═══ Records supplied
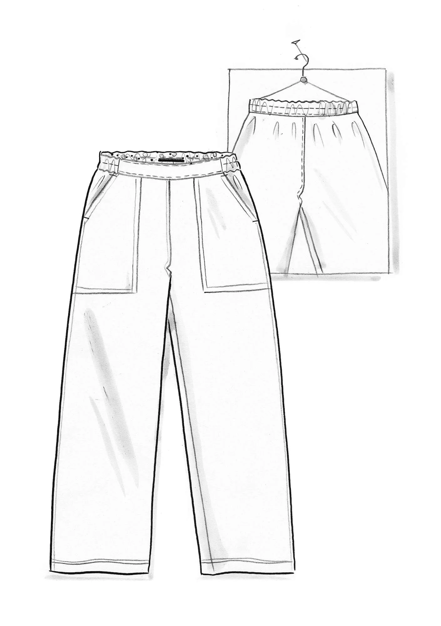 - Full-length trousers with handy pockets. Neat triple needle stitching on the side seams. Bar tacks on the pocket add accent colour. Comfortable elastication at the back and printed detailing inside the waistband.
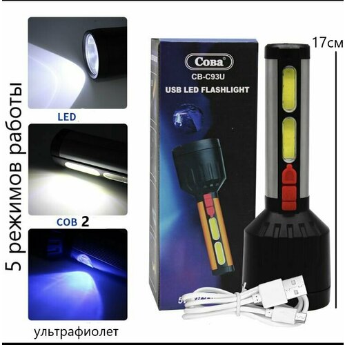 Фонарик аккумуляторный ручной светодиодный
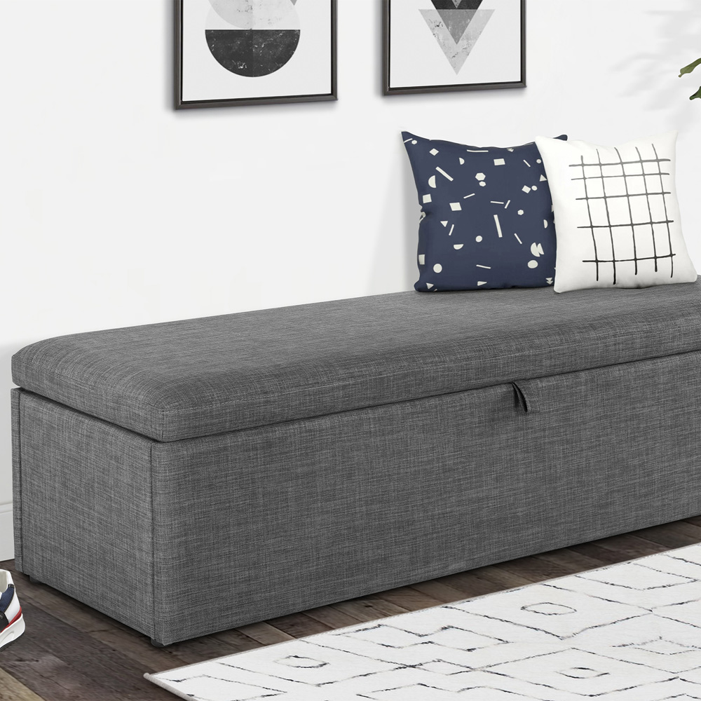 Uplift your bedroom decor with this stylish Sorrento Blanket Box by Julian Bowen. This blanket box is upholstered in a sophisticated slate grey linen fabric and provides a substantial amount of storage for blankets and linen. Its stylish simplicity is subtly accented with discreet diamond button detailing on its top surface. This blanket box can enhance your interior.
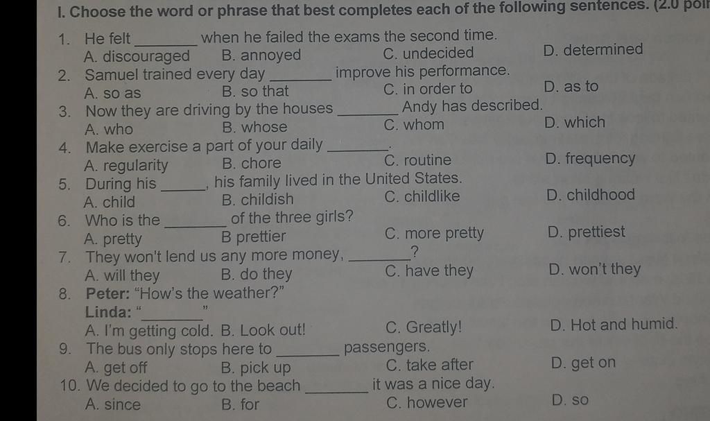 I. Choose the word or phrase that best completes each of the following sentences. (2.0 pól
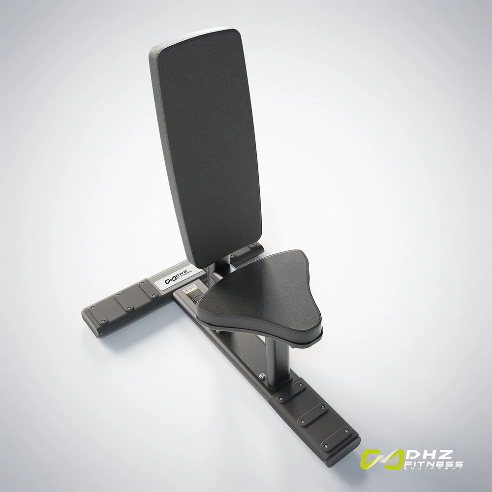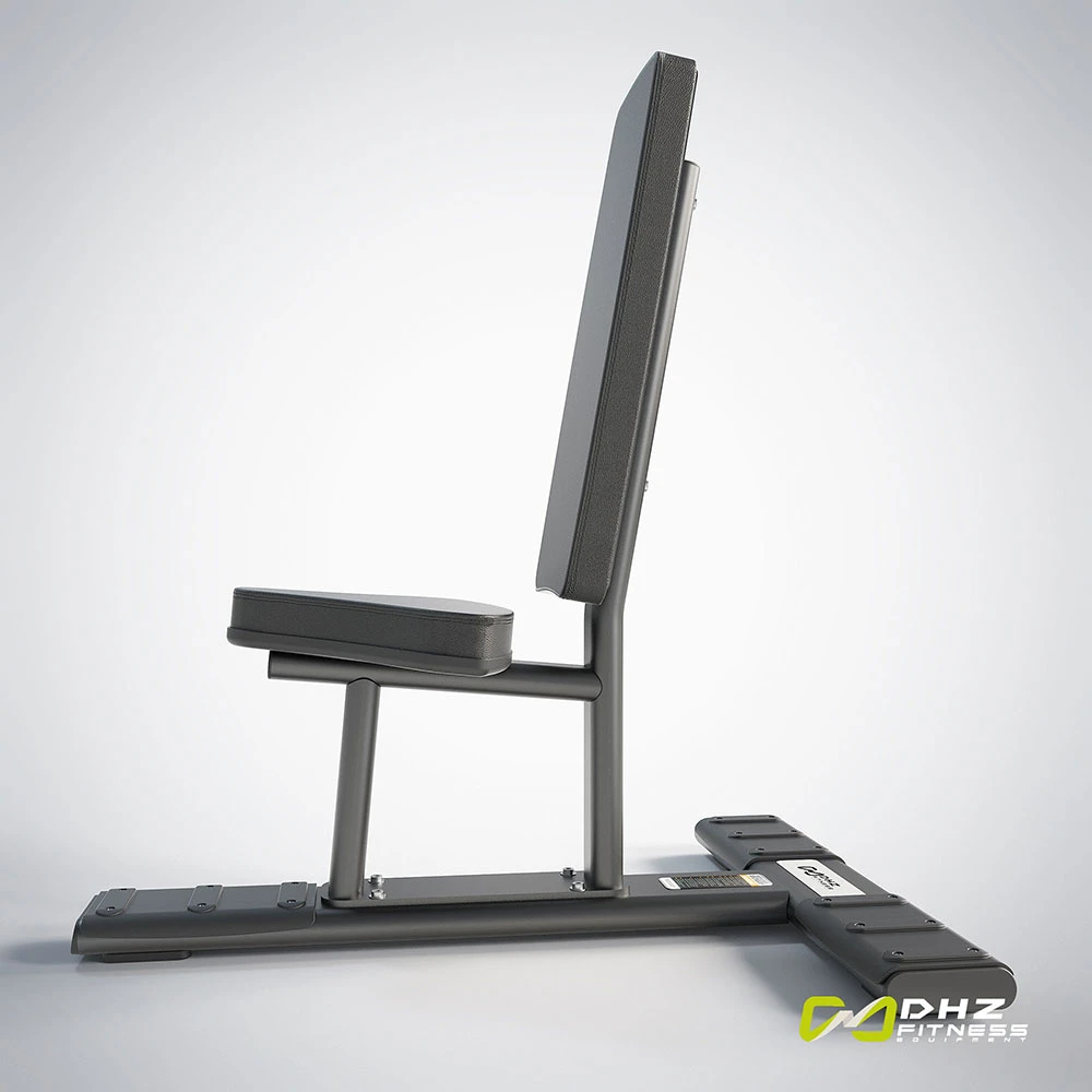 Sitting position with inclined back cushion, close to the ground for stability and comfort. Footrest for stability. Integrated transport rollers.
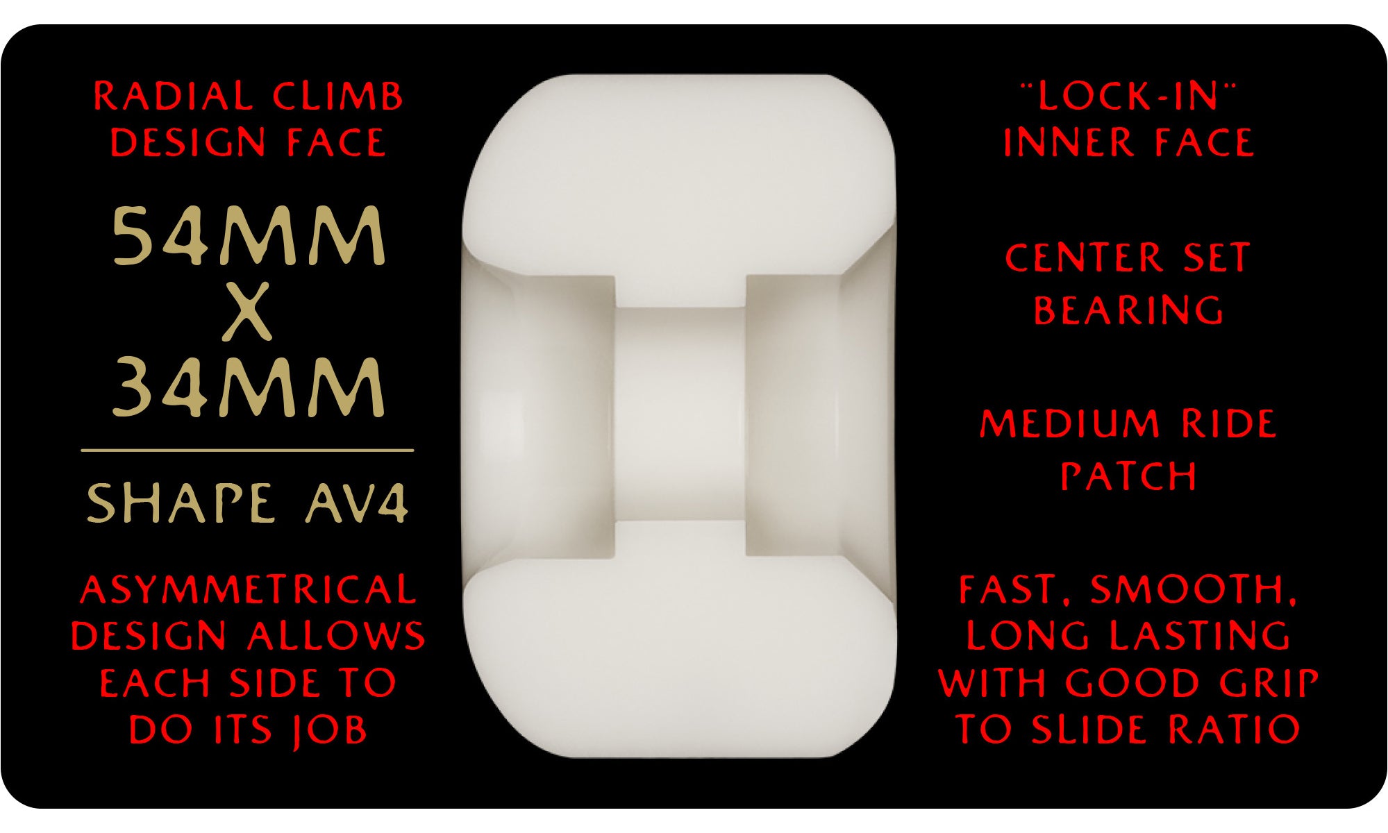 ABOUT THE AV4 NANO RAT SHAPE: Radial climb design face. Asymmetrical design allows each side to do its job. "Lock-in" inner face. Center set bearing. Medium ride patch.
══════
Leave out every picture and copy, exactly as written, the lines from the one with "Uplift your bedroom" through the end of the records above.

Answer to the exercise:
 Uplift your bedroom decor with this stylish Sorrento Blanket Box by Julian Bowen. This blanket box is upholstered in a sophisticated slate grey linen fabric and provides a substantial amount of storage for blankets and linen. Its stylish simplicity is subtly accented with discreet diamond button detailing on its top surface. This blanket box can enhance your interior.
 I. Choose the word or phrase that best completes each of the following sentences. (2.0 pól
 Sitting position with inclined back cushion, close to the ground for stability and comfort. Footrest for stability. Integrated transport rollers.
 ABOUT THE AV4 NANO RAT SHAPE: Radial climb design face. Asymmetrical design allows each side to do its job. "Lock-in" inner face. Center set bearing. Medium ride patch.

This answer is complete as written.